Toward a New Economy: The New Investors

Towards a New Economy: Investors forging a road less traveled

We live in an economic world that most would call capitalism: a word we all use, but definitions vary.  Generally starting with “An economic 'system' …”. The definitions go on to define aspects of the ownership of capital. What is left out is the question: "What are the goals of a capitalist system?"  As the goals of a capitalist economy have changed, so have the investor strategies that fuel markets. Currently, the system has tended toward 'maximizing shareholder profit' rather than on creating companies that have long term value for shareholders through: 

  • Transparent and accountable governance, 
  • A stable employee base that makes enough money to purchase the output of the economy, 
  • Policies that strengthen local communities, and a
  • Means of production that produces goods at the least cost to the environment.

Investors, who do use these metrics as a basis for their decisions, use terms such as 'mission investing' ,' triple bottom line', 'ESG'  and 'impact' investing.

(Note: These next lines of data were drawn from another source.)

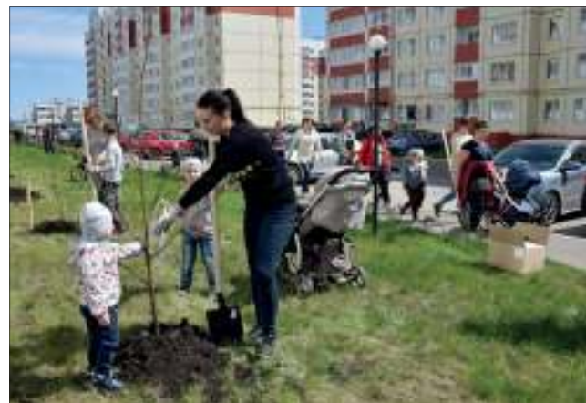
В микрорайонах новостроек заложили основу зеленого фонда - высадили именные деревья, за которыми теперь будут ухаживать всей семьей
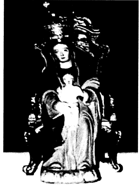
புடம். 06 (இடது): வசாவிளான் உத்தரிய மாதா ஆலயத்திலுள்ள உத்தரிய மாதா, மூலம்: முகப்புத்தகம். புடம். 07 (வலது): சில்லாலை கதிரைச் செல்வி ஆலயத்திலுள்ள கதிரை மாதா, மூலம்: வலைத்தளம்.
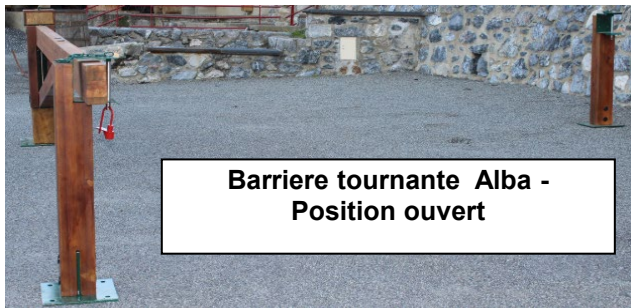
Barriere tournante Alba - Position ouvert
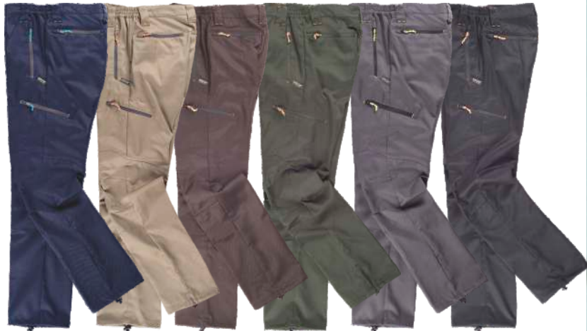
marino beige marrón verde caza gris negro
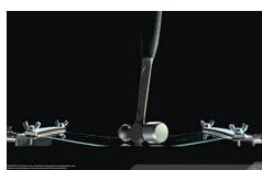
耐衝撃液晶ディスプレイ採用
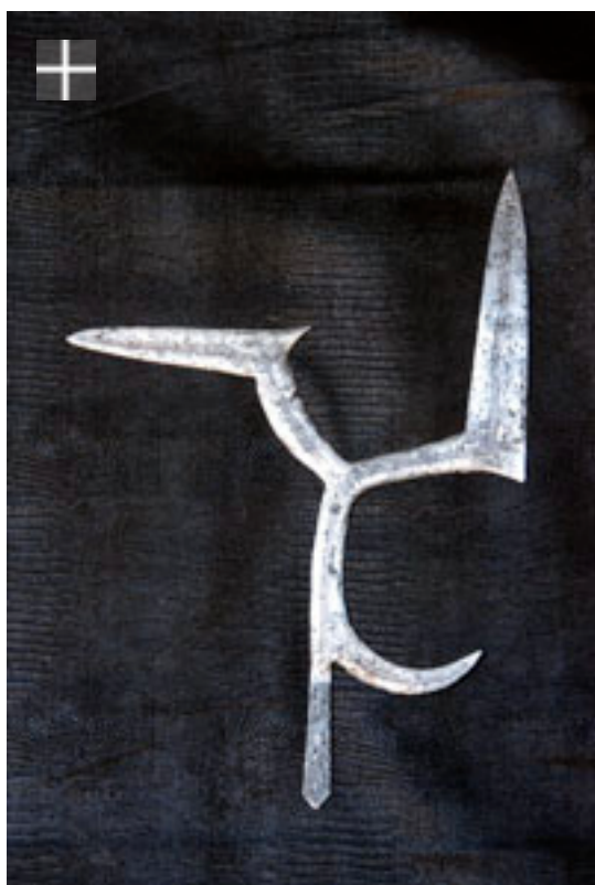
MBANJA ONDO / Congo RDC 1920
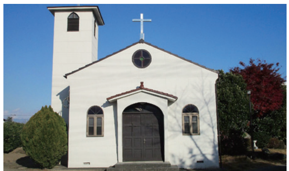
⑥カトリック山城教会
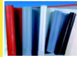
TELA DE FIBRA DE VIDRIO SILICONADA
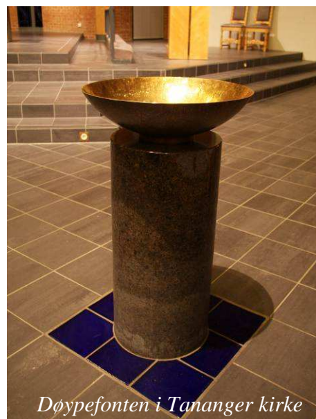
Døypefonten i Tananger kirke

Gudstenestelivet i Stavanger bispedømme er mangfaldig. Her finst heile spekteret frå kyrkjelydar som oftast feirar tradisjonelle høgmesser til dei som nyttar ein lokalt utvikla liturgi. Gudstenesteforma i kyrkjelydane i bispedømmet kan truleg grupperast slik:
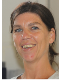
Mme Bot est arrivée à l'école élémentaire en CE1.
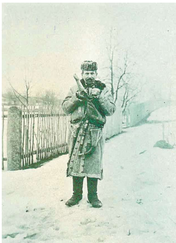
Obr. 5 Černý, Vojtěch. Muš v kožichu s tulipány a čepici vydrovce s dudami leskovického dudáka . Služátky, 1914, pozitív, 85 × 115 mm. MVP, inv. č. F957-6885
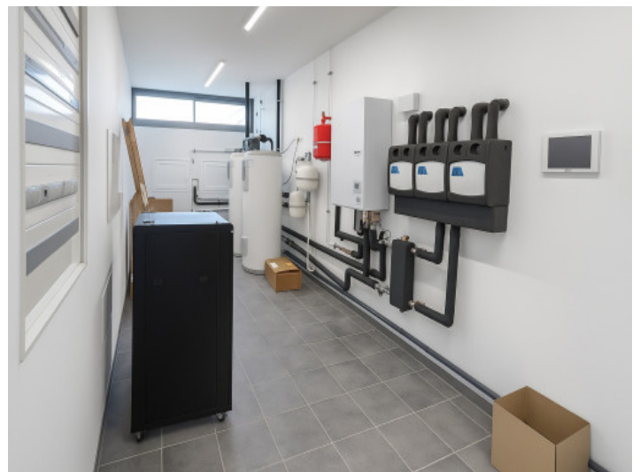
Cuarto de máquinas en la planta baja
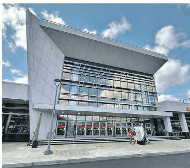
Вокзал «Зеленоград-Крюково» третьего маршрута центральных диаметров «Ленинградско-Казанский»

В Москве работают 79 вокзалов наземного метро, соответствующих новому стандарту и обеспечивающих быструю и комфортную пересадку пассажиров между разными видами транспорта. Сергей Собянин подчеркнул: современные вокзалы приходят на смену привычным пригородным платформам и обслуживают Московское центральное кольцо и четыре диаметра.
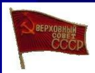
Знак депутата ВС СССР СССР
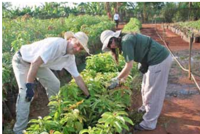
Brigaden arbetar på en planskola

I brigadprogrammet ingick en resa till Playa Girón, där de hårdaste striderna ägde rum. Vi bodde tre nätter på Hotel Playa Girón, och hann med ett besök på bl. a. krigsmuséet, en lokal vårdcentral, och en trevlig fest hos en CDR-kommitté. På återresan till brigadlägret besökte vi Santa Clara med Che-mausoléet och det
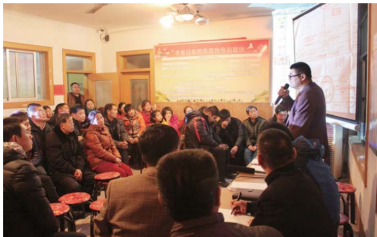
△东金麻社区在全区率先推行晒单制度，这只是新城社会治理探索的一个缩影
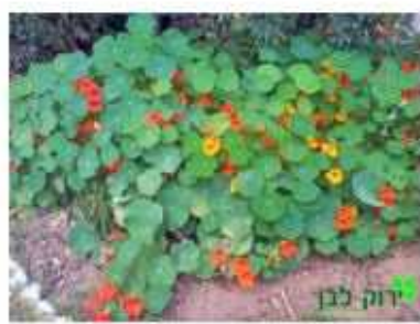
כובע נזיר כמות שתילים: 5
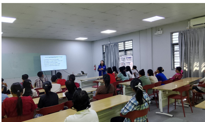
ရွှေ့ပြောင်းအလုပ်သမားများအကြောင်းဟောပြောစဉ်
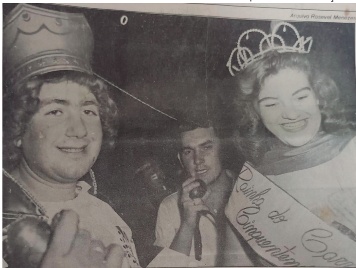
Carnaval em Araçatuba
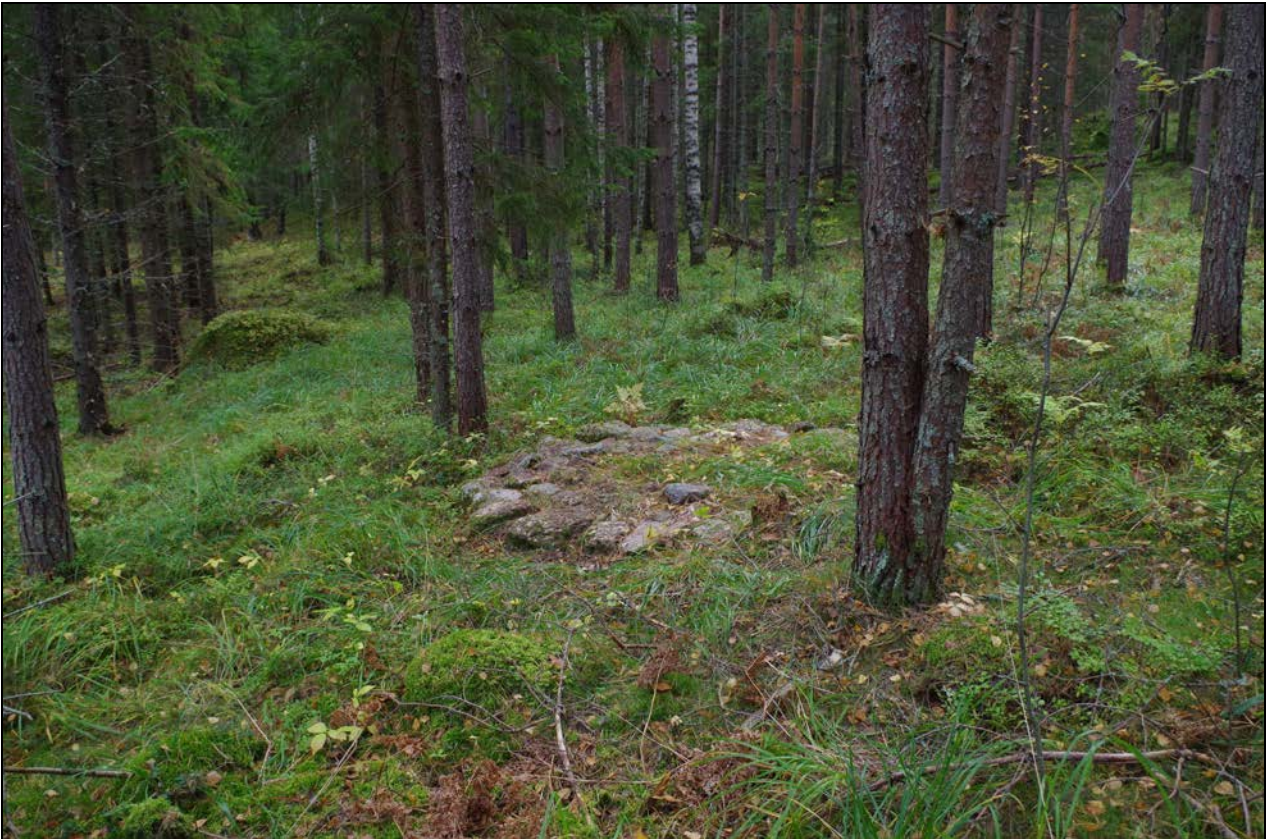
Kuva 1: Kohteen sijainti maastossa. SE.
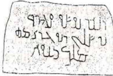
ملحق رقم ( ١ )

نقش أم الجمال : وقد عثر على هذا النقش الحجري في أم الجمال وتقع في جنوب حوران من أعمال شرق الأردن • وهو يعود لقبر عمر بن سلمي مربي جذيمة ملك تتوخ الذي غاصر الملكة الزباء • وقد كتب بالخط النبطي المتأخر وتاريخه نحو ٢٥٠ ب.م.
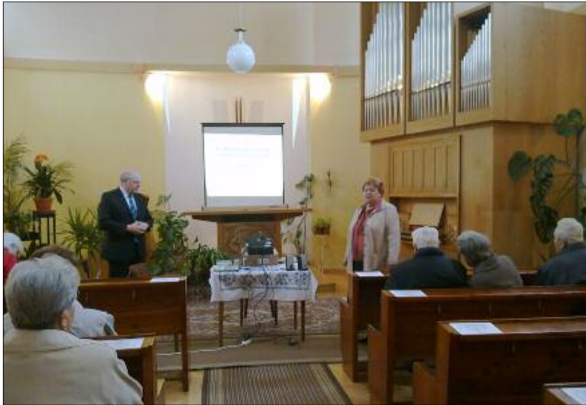
Z vikariátního shromáždění v Kroměříži

ských obcí na Slovensku: Bratislava, Brezno nad Hronom, Košice, Michalovce, Liptovská Osada, Petržalka, Trenčín, Tmava, Spišská Nová Ves, Nové Zámky, Zvolen a Žilina; a čtyři náboženské obce na Podkarpatské Rusi: Užhorod, Mukačevo, Chust a Slatinské Doly. K zmiňovaným náboženským obcím je třeba ještě přičíst téměř na třicet místních výborů. V souvislosti se zánikem Československa vyvstal před bezmála osmisetisícovou církví úkol v podobě nového odpovídajícího názvu. Tato událost z novodobých dějin naší církve by si zasloužila samostatnou kapitolu, pro kterou v tomto článku není prostor. Tak alespoň několika větami. Úvahy směřující ke změně názvu se na církevní půdě poprvé objevily na konci roku 1938. Zcela konkrétní podobu pak události nabraly 20. září 1939, kdy bylo přípisem pana říšského protektora požádáno ministerstvo školství a národní osvěty, aby: „svým vlivem zapůsobilo, aby název ‚církve československá‘ byl v důsledku státoprávních událostí vhodně změněn.“ Ministerstvo 27. září 1939 upozornilo Ústřední radu ČČS, že: „označení ‚československá církev‘ již nevyhovuje daným státoprávním poměrům a že je nutno v souladu s ustanovením církevní ústavy název vhodně změnit.“ Po následných vzájemných jednáních mezi ministerstvem a ústřední radou se jako nejpříjemnější kompromis jevil označení Česká národní církev. Dne 16. listopadu 1939 se však do
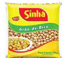
17672 GRÃO DE BICO SINHA | 12X500GR 7892300001824
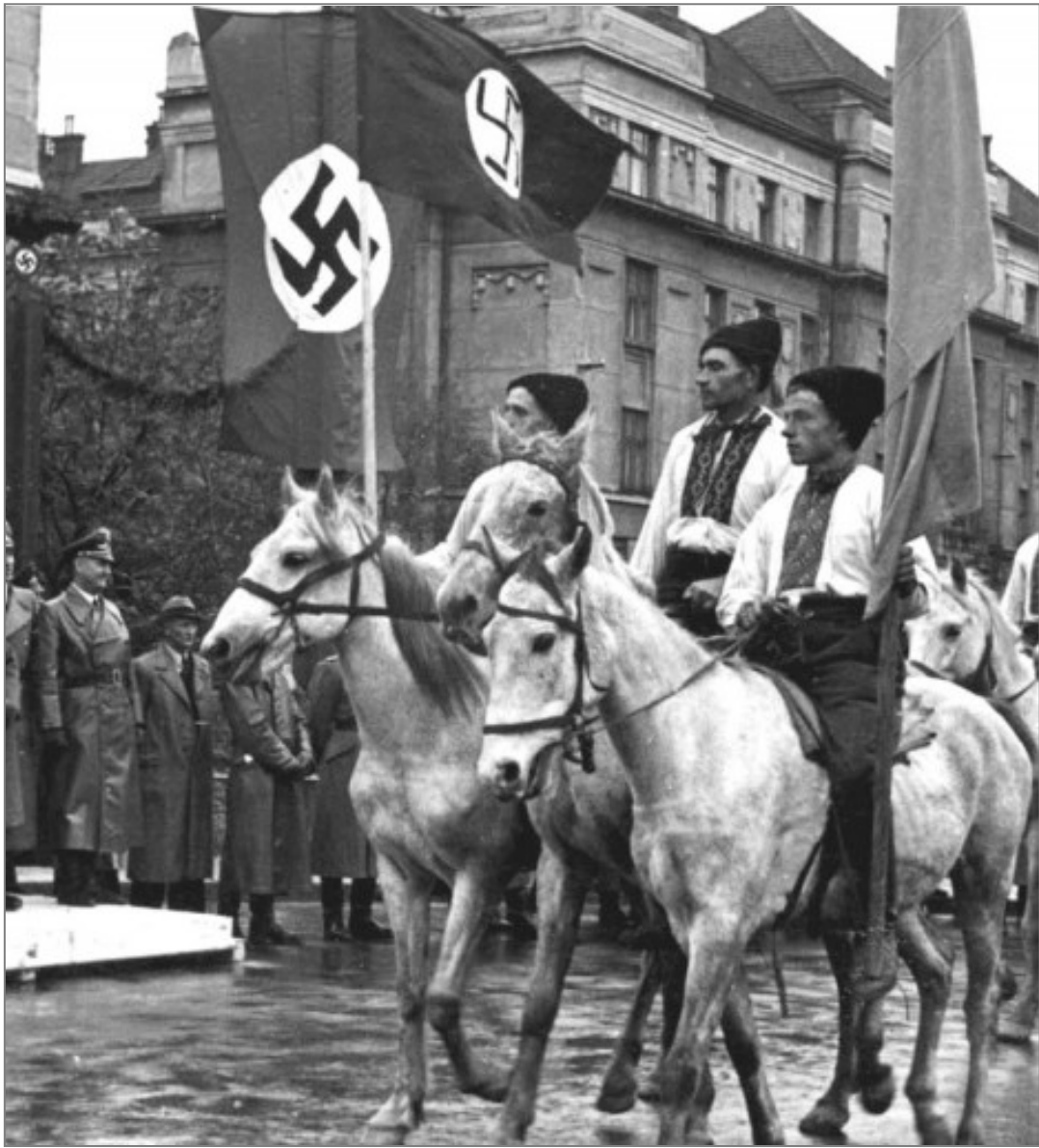
м. Станіславів, 1941 р.
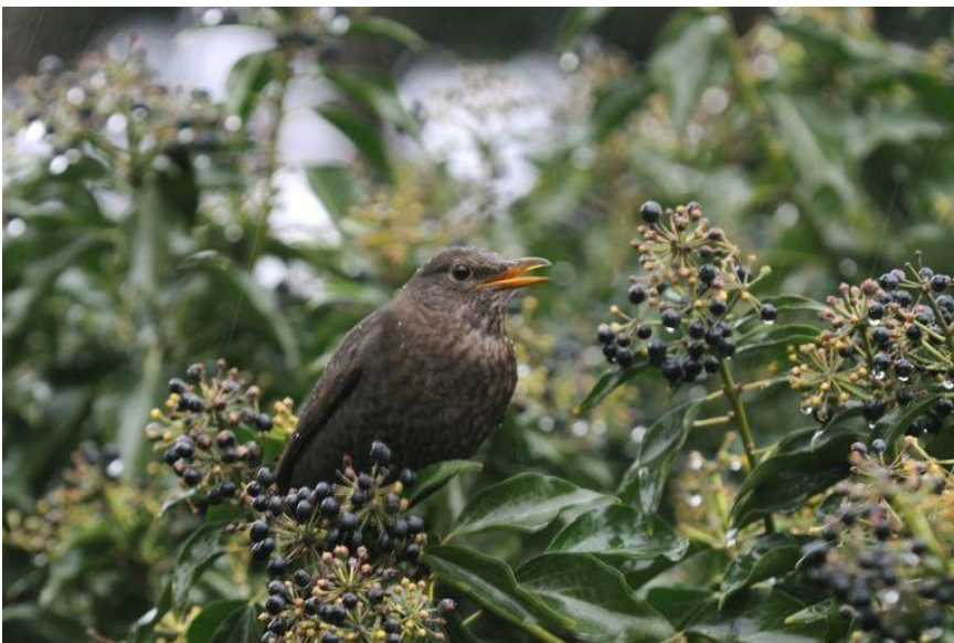
Merel omringd door voedsel en veiligheid in de winter (Bron: Piet Munsterman).

Als je een klimop eens goed bekijkt, dan zal je zeker iets opvallen. Er zitten namelijk verschillende soorten bladeren aan. Dat heeft alles te maken met de levensfase van de plant. De 'jeugdvorm', of vegetatieve fase, is de klimop die je het vaakst ziet, kruipend of klimmend tegen muren en bomen. De bladvorm is handvormig, meestal met drie tot vijf lobben. De kleur van de bladeren is donkergroen en de takken waar ze aan zitten maken hechtworteltjes om te klimmen. In deze fase bloeit de klimop niet. Dan is er de volwassen vorm, met een generatieve fase. Deze verschijnt pas wanneer de plant ouder is. De bladvorm is dan ovaal tot ruitvormig, zonder lobben, vaak iets dikker en lichter groen. Het zijn deze bladeren waartussen je nu de trossen zwarte bessen aan kan treffen. Op bovenstaande foto kan je de twee fasen goed herkennen.
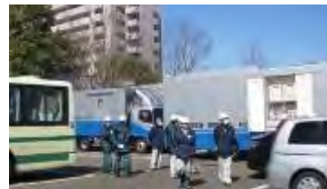
緊急被ばく医療のための受入体制構築
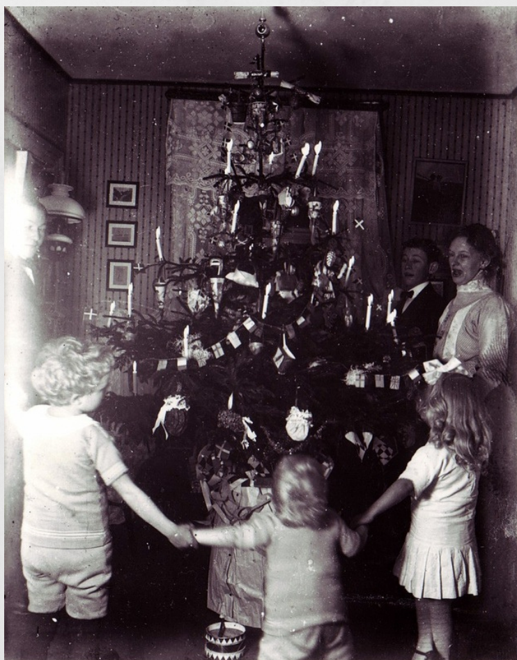
Fig. 1: Juletræ hos familien Gornitzka, juleaften 1914. Fotograf Otto Gornitzka. (BØA 2020-113)

Allerede ved midten af 1800-tallet var juletræet blevet udbredt blandt det bedre borgerskab overalt på øen. Og de allerede kendte julefester og juleballer begyndte at inddrage juletræet som en del af festlighederne. Juletræsfester for byens spidser kunne i 1800-tallet være ledsaget af allehånde fornøjelser som julebazar, teaterstykker og efterfølgende bal. Disse festligheder var typisk for de voksne – eller unge, men der fandtes også de såkaldte ”børneballer” for de mindre.
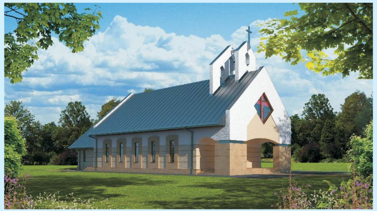
Wizualizacja kaplicy cmentarnej w Zakliczynie str 33
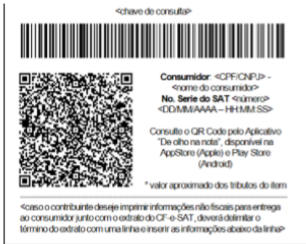
Figura 2 – Exemplo de rodapé de extrato de CF-e-SAT, em bobina contínua de papel largo (8cm), com o código de barras representando 44 caracteres.
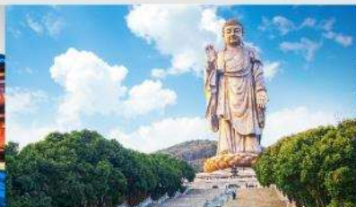
พระใหญ่หลิงชานต้าฝอ
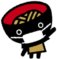
< Sobacchi (ver. de mascarilla.) >
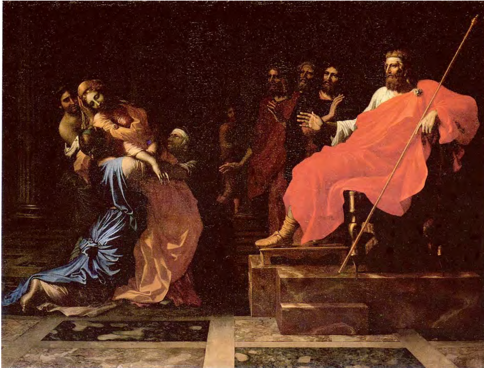
Claude Poussin – Esther sviene davanti ad Assuero (1640)

However, such terms can miss the point because they imply that investors are searching for social good, not for metrics that provide returns above market rate. Yet as far back as 2009, Sarah Stranahan, speaking at a Sustainable Investing conference in New York, spoke about the Needmor Foundation, which has used a mission investing strategy. 

Sarah Stranahan"Why are we trying to prove that we [mission investors] are as good as the dominant markets? The dominant markets have failed dismally. Needmor did 4.5% better [than a comparable foundation without a mission strategy]. So what? We still lost 25% of our endowment. We failed in our fiduciary duty and disappointed our grantees and our staff because we had faith in the dominant markets."

As foundations and funds were reassessing their strategic goals in 2009, Dave Chen in San Francisco was working on a plan to implement. 

Equilibrium Capital: The New Metrics

Mr. Chen gathered together a few like-minded people, then started a company called Equilibrium Capital — — where he is Chairman and Head of Product Development. In recent remarks in San Francisco at Equilibrium’s 5th Annual Summit, he compared the early days to trail-blazing through dense tropical forests. He was speaking to over 70 participants from major public and corporate pension funds, sovereign wealth funds, insurance companies, US state and federal agencies, family offices, and others. While Equilibrium now has nearly $1.5 billion gathered onto its platform, , the combined investment power in the room was easily over $1 trillion, all of whom are at least thinking about what a new capitalism might look like, and many of whom have already invested. 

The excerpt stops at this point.